## Dataset content
*** Block opens ***

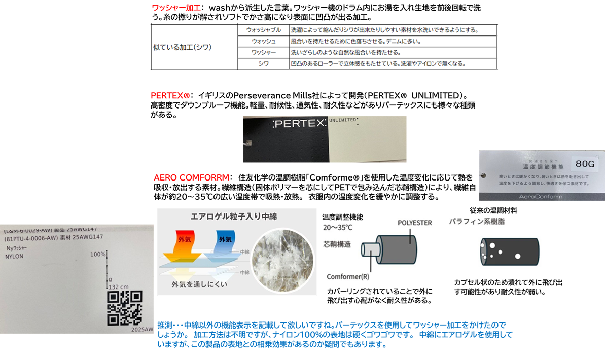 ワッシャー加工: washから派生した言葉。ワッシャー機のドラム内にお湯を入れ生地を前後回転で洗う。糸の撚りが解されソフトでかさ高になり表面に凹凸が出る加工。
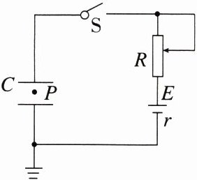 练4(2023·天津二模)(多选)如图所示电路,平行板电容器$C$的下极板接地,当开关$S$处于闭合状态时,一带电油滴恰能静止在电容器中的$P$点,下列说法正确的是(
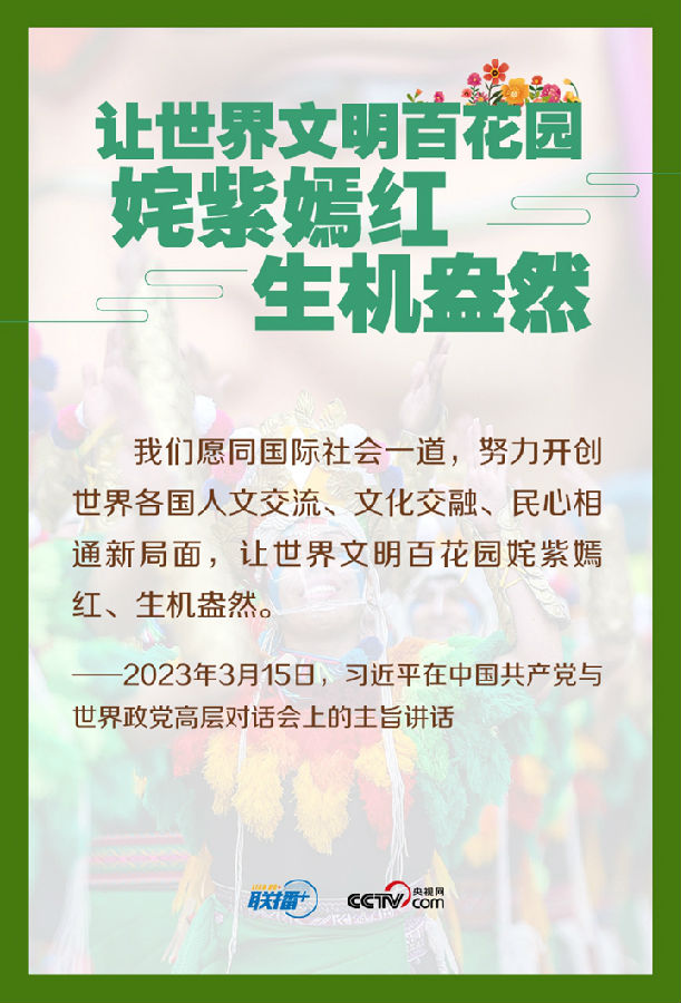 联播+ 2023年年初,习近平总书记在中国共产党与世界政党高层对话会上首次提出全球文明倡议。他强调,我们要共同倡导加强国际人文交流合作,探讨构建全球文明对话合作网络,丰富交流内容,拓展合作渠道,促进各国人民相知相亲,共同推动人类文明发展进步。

*** Block closes ***
*** Block opens ***

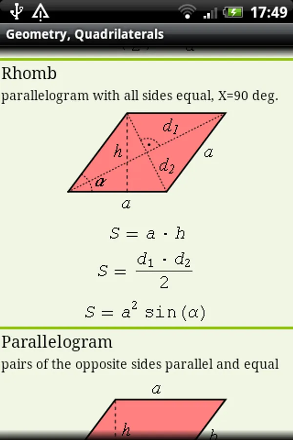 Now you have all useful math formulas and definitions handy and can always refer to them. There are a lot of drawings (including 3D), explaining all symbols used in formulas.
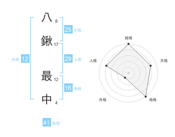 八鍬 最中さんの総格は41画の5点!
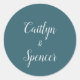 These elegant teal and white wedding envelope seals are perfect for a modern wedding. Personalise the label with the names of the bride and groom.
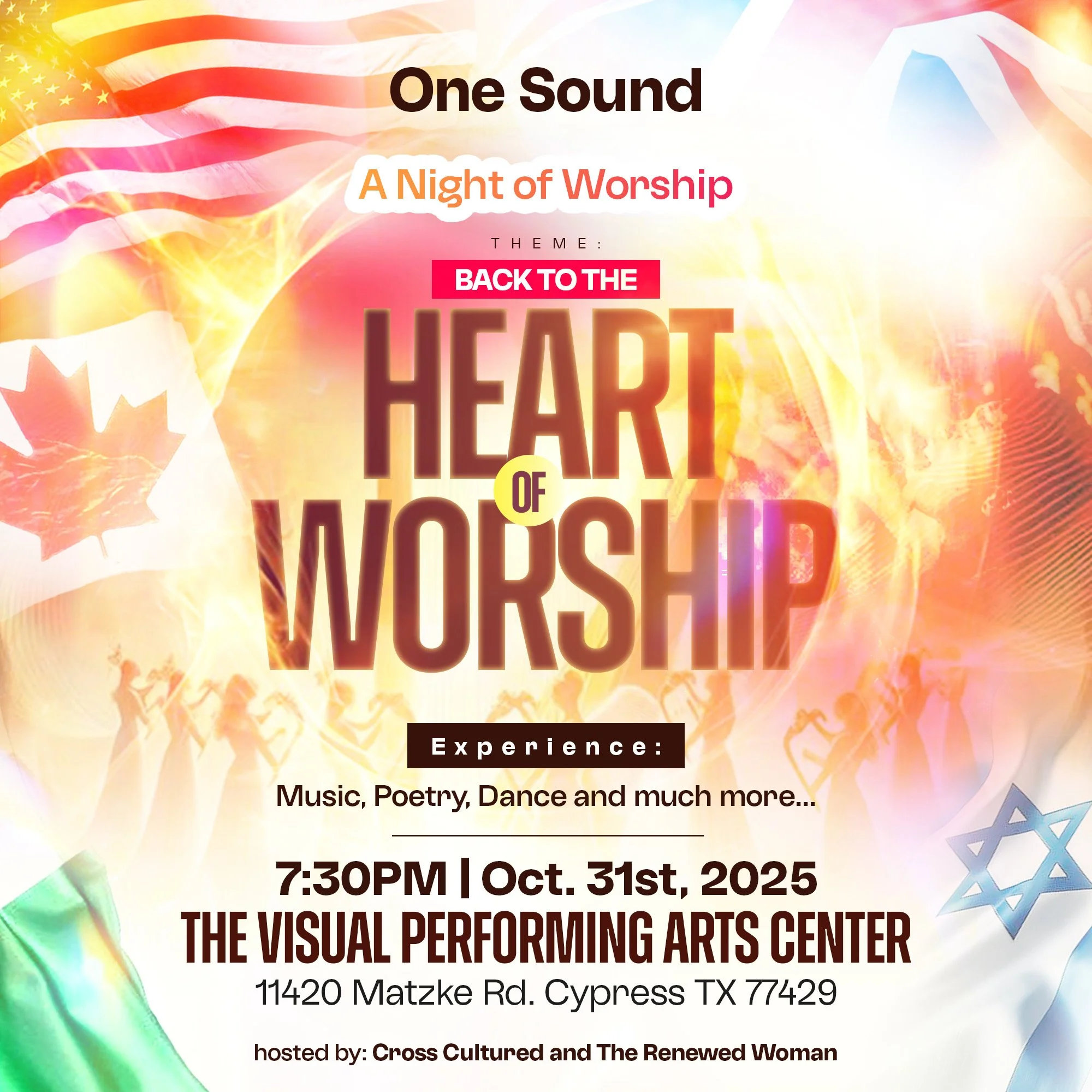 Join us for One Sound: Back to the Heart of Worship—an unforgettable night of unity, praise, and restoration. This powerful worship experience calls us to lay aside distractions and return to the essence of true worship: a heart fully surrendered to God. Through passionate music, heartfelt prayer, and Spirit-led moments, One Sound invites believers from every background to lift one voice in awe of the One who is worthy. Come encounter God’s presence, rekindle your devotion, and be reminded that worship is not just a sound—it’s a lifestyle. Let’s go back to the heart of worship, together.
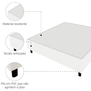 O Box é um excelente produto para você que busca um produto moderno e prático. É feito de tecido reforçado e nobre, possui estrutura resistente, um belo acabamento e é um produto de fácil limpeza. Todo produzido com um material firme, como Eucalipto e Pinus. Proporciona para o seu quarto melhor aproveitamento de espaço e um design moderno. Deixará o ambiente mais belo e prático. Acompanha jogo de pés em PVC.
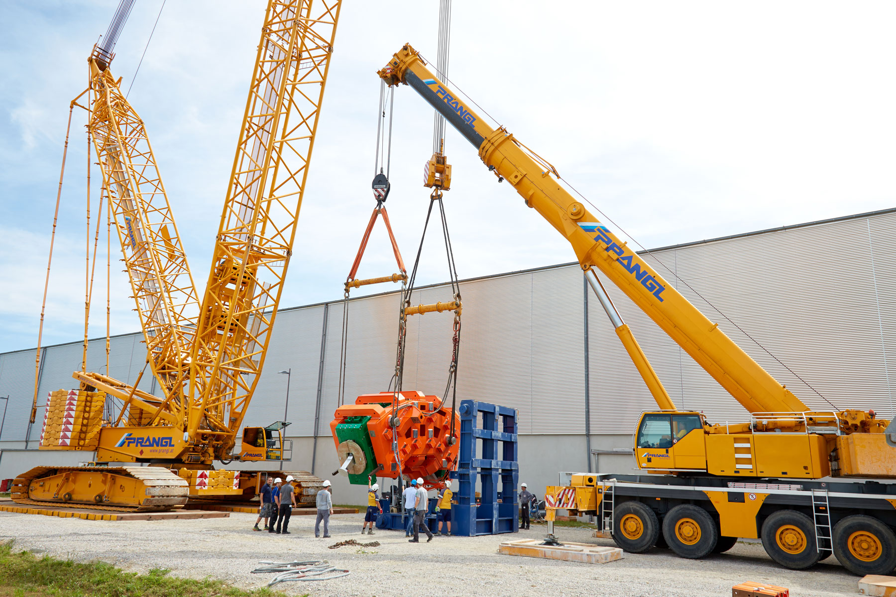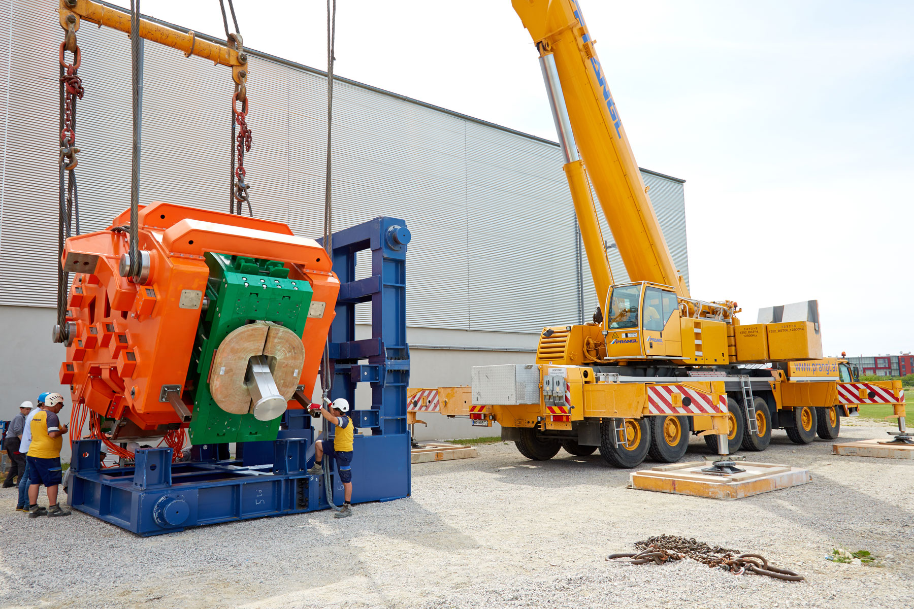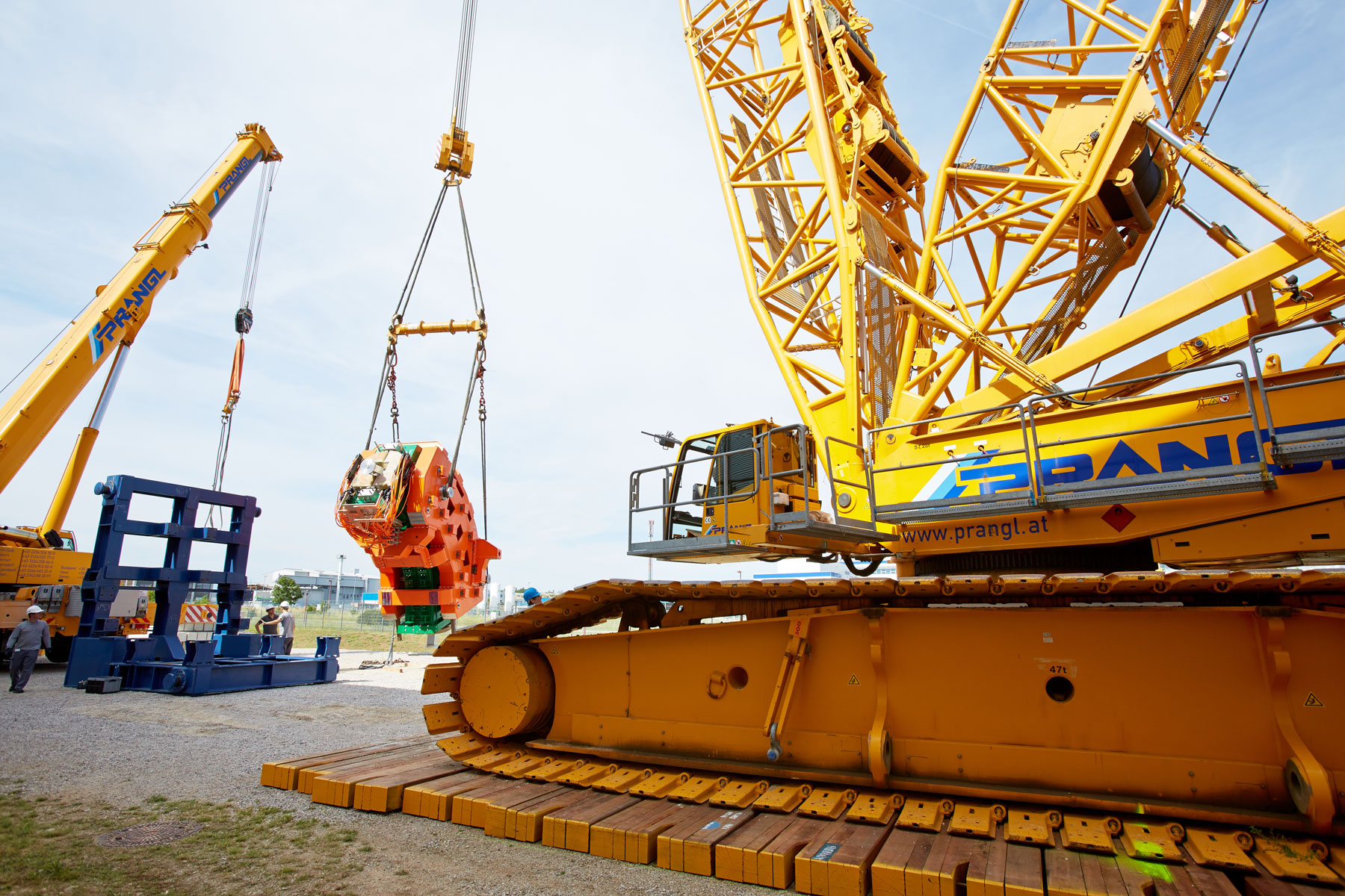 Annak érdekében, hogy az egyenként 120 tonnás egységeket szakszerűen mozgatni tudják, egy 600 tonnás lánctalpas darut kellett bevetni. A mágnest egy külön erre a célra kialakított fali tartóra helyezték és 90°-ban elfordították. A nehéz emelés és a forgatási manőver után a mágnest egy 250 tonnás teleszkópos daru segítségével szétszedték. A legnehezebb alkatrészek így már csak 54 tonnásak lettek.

*** Block closes ***

## To do
Repeat, without pictures, exactly the lines of the data above from the one containing "ワッシャー加工: washか" through the one containing "联播+ 2023年年初,习近", including both and adding nothing.

## Output for this task
 ワッシャー加工: washから派生した言葉。ワッシャー機のドラム内にお湯を入れ生地を前後回転で洗う。糸の撚りが解されソフトでかさ高になり表面に凹凸が出る加工。
 练4(2023·天津二模)(多选)如图所示电路,平行板电容器$C$的下极板接地,当开关$S$处于闭合状态时,一带电油滴恰能静止在电容器中的$P$点,下列说法正确的是(
 联播+ 2023年年初,习近平总书记在中国共产党与世界政党高层对话会上首次提出全球文明倡议。他强调,我们要共同倡导加强国际人文交流合作,探讨构建全球文明对话合作网络,丰富交流内容,拓展合作渠道,促进各国人民相知相亲,共同推动人类文明发展进步。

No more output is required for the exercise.